Items from a dataset.
[Start of Attachment]

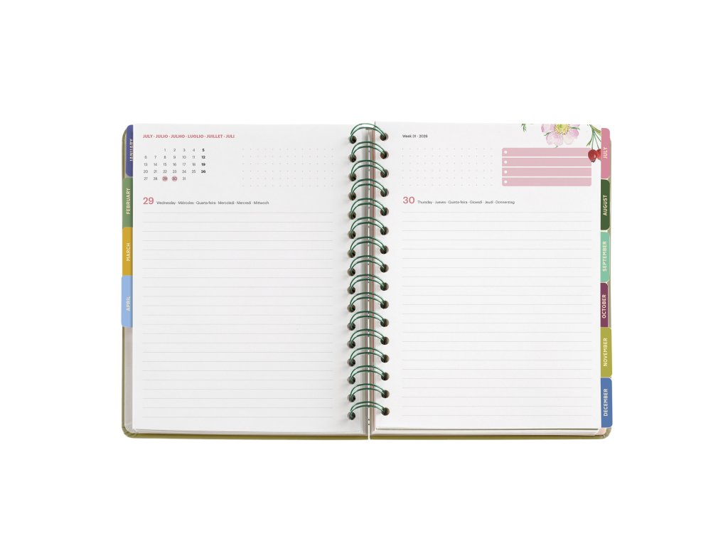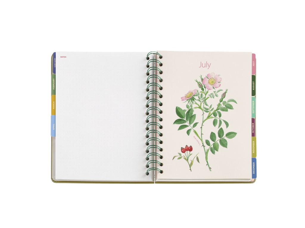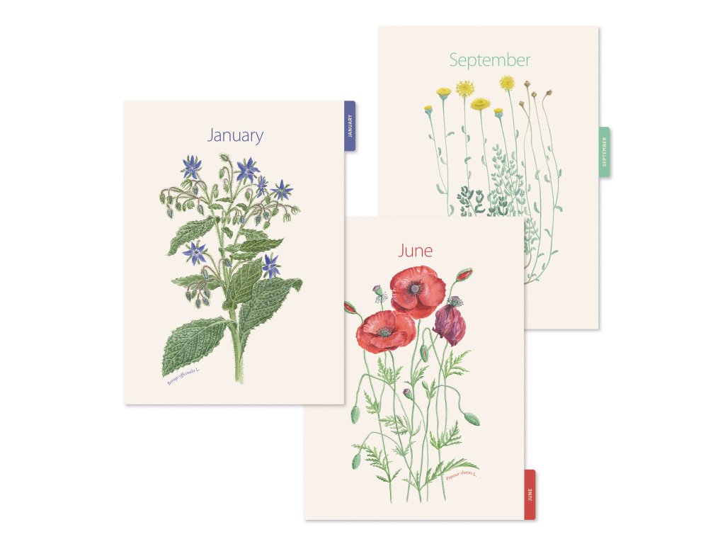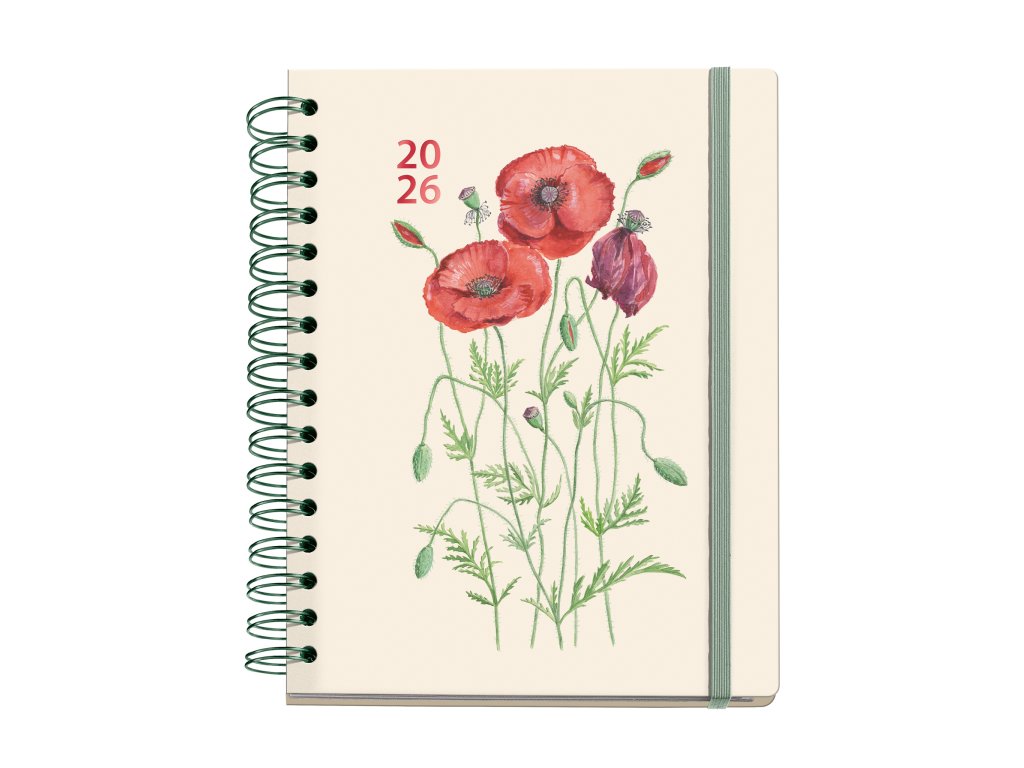 Diář Vlčí máky od MiguelRius obsahuje rozdělení na jednotlivé měsíce tvrdými deskami s obrázky lučních květin
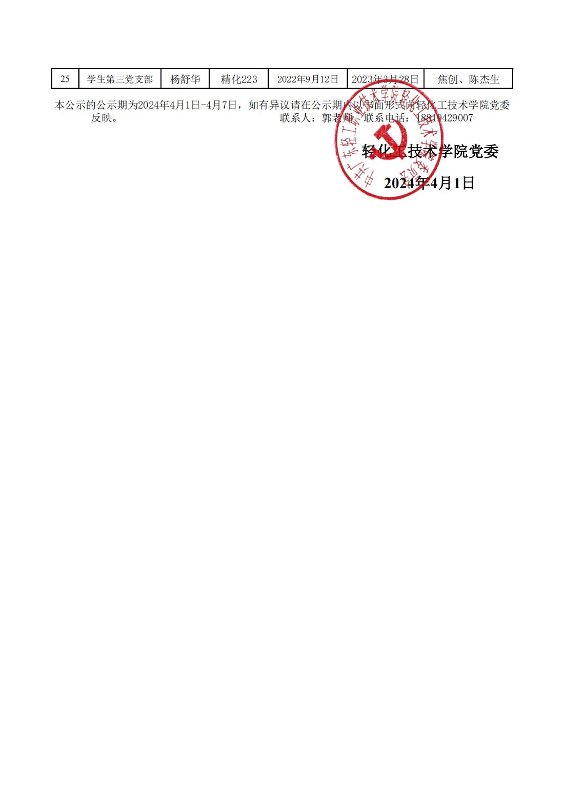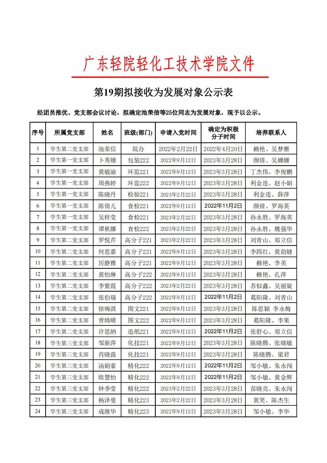 轻化工技术学院第19期拟接收为发展对象公示
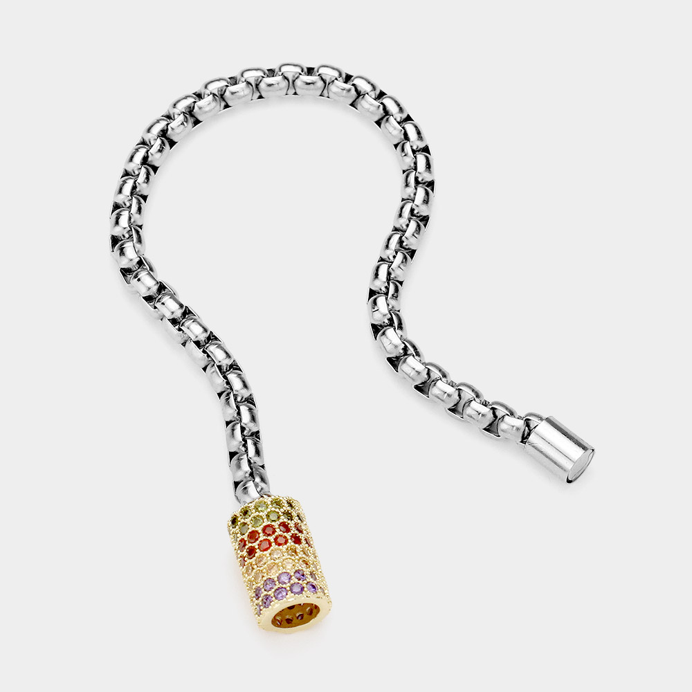 CZ Stone Paved Cylinder Pointed Magnetic Bracelet
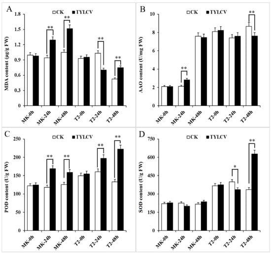 The MDA content and activity of reactive oxygen species (ROS)-scavenging enzymes in TYLCV-infected plant leaves. (A) The MDA content in treated plants. (B–D) The activities of ascorbate oxidase (AAO), peroxidase (POD), and superoxide dismutase (SOD) in treated plants, respectively. The data represent the mean ± SD (n = 3). Data were analyzed by an ANOVA in the SPSS software. * (p < 0.05) and ** (p < 0.01) indicate statistically significant differences.
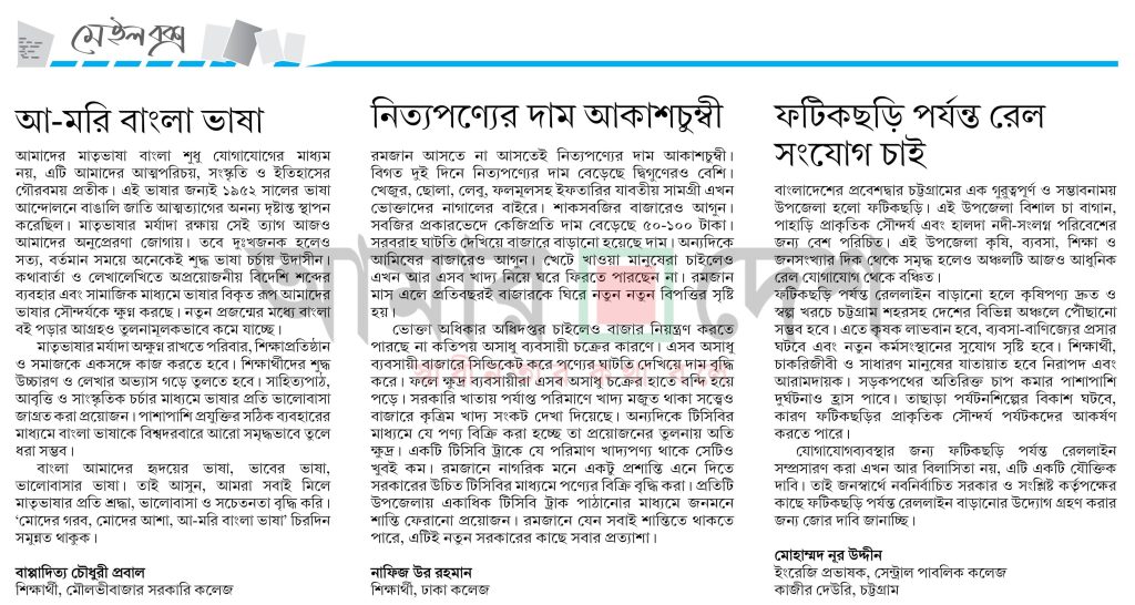 হোম / কর্তৃপক্ষের দৃষ্টি আকর্ষণ / নিবন্ধআ-মরি বাংলা ভাষা বাপ্পাদিত্য চৌধুরী প্রবাল , মৌলভীবাজার সরকারি কলেজ প্রকাশ: ২২ ফেব্রুয়ারি ২০২৬ পাঠ: ২৯ বার https://eamardesh.com/2026-02-22লেখক: সাধারণ সদস্য, জাতীয় বিশ্ববিদ্যালয়।এই লেখাটি ২২ ফেব্রুয়ারি ২০২৬ তারিখে আমার দেশ পত্রিকায় প্রকাশিত। লেখাটি শেয়ার করুন:
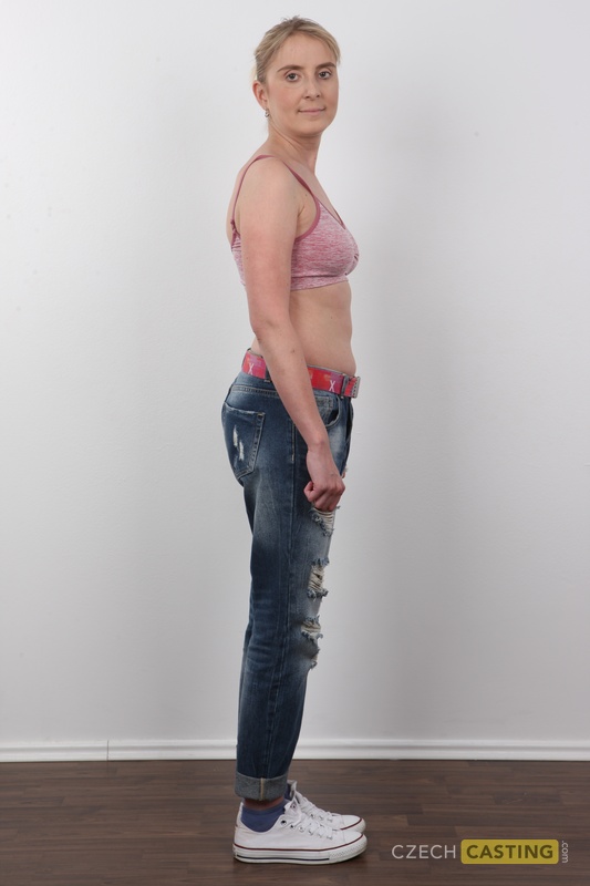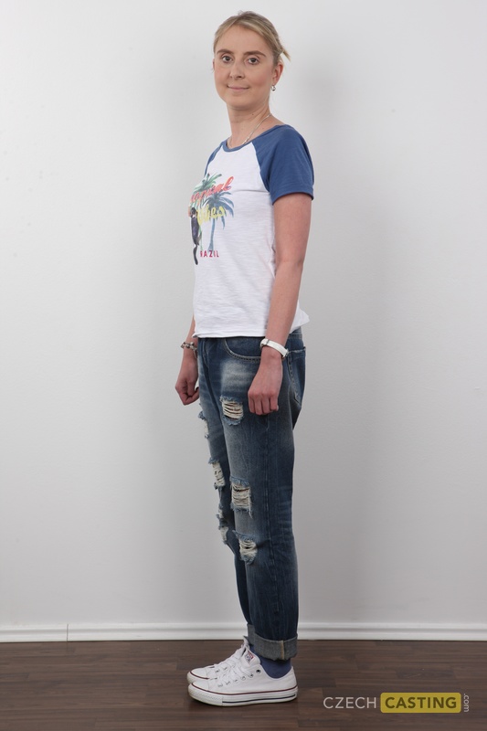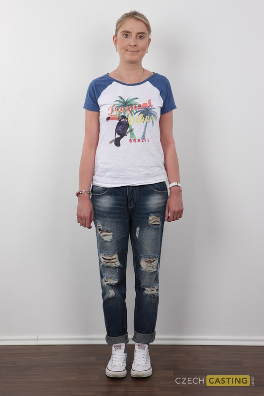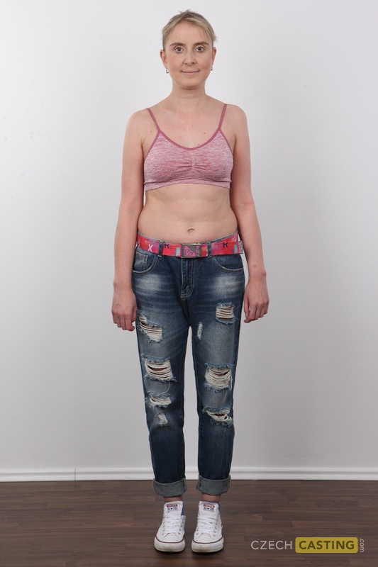 捷克业余金发美女褪下牛仔裤,在试镜特写中露出丰满双乳、翘臀与挺立乳头,赤裸上身时羞涩一笑。

[End of Attachment]

What you have to do.
Print all the records again exactly; do not include any picture.

Task solution.
 Diář Vlčí máky od MiguelRius obsahuje rozdělení na jednotlivé měsíce tvrdými deskami s obrázky lučních květin
 轻化工技术学院第19期拟接收为发展对象公示
 CZ Stone Paved Cylinder Pointed Magnetic Bracelet
 The MDA content and activity of reactive oxygen species (ROS)-scavenging enzymes in TYLCV-infected plant leaves. (A) The MDA content in treated plants. (B–D) The activities of ascorbate oxidase (AAO), peroxidase (POD), and superoxide dismutase (SOD) in treated plants, respectively. The data represent the mean ± SD (n = 3). Data were analyzed by an ANOVA in the SPSS software. * (p < 0.05) and ** (p < 0.01) indicate statistically significant differences.
 হোম / কর্তৃপক্ষের দৃষ্টি আকর্ষণ / নিবন্ধআ-মরি বাংলা ভাষা বাপ্পাদিত্য চৌধুরী প্রবাল , মৌলভীবাজার সরকারি কলেজ প্রকাশ: ২২ ফেব্রুয়ারি ২০২৬ পাঠ: ২৯ বার https://eamardesh.com/2026-02-22লেখক: সাধারণ সদস্য, জাতীয় বিশ্ববিদ্যালয়।এই লেখাটি ২২ ফেব্রুয়ারি ২০২৬ তারিখে আমার দেশ পত্রিকায় প্রকাশিত। লেখাটি শেয়ার করুন:
 捷克业余金发美女褪下牛仔裤,在试镜特写中露出丰满双乳、翘臀与挺立乳头,赤裸上身时羞涩一笑。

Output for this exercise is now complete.